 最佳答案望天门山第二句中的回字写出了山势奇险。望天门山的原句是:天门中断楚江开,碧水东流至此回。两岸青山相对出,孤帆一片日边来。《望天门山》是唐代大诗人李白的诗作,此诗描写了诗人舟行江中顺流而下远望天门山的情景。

++++++++++++++++++++

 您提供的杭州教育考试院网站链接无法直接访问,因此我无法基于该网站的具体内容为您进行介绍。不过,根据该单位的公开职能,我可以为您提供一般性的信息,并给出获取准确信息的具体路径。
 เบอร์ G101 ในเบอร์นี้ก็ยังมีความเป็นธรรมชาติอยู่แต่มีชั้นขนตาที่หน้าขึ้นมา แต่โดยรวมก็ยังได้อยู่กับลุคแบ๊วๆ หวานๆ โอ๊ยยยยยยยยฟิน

++++++++++++++++++++

The task>
In the listing above, find the line containing "您提供的杭州教育考试院网站链" and the line containing "แต่โดยรวมก็ยังได้อยู่กับลุคแบ๊วๆ หวานๆ โอ๊ยยยยยยยยฟิน", then repeat those two lines and everything between them exactly.

Output below>
 您提供的杭州教育考试院网站链接无法直接访问,因此我无法基于该网站的具体内容为您进行介绍。不过,根据该单位的公开职能,我可以为您提供一般性的信息,并给出获取准确信息的具体路径。
 เบอร์ G101 ในเบอร์นี้ก็ยังมีความเป็นธรรมชาติอยู่แต่มีชั้นขนตาที่หน้าขึ้นมา แต่โดยรวมก็ยังได้อยู่กับลุคแบ๊วๆ หวานๆ โอ๊ยยยยยยยยฟิน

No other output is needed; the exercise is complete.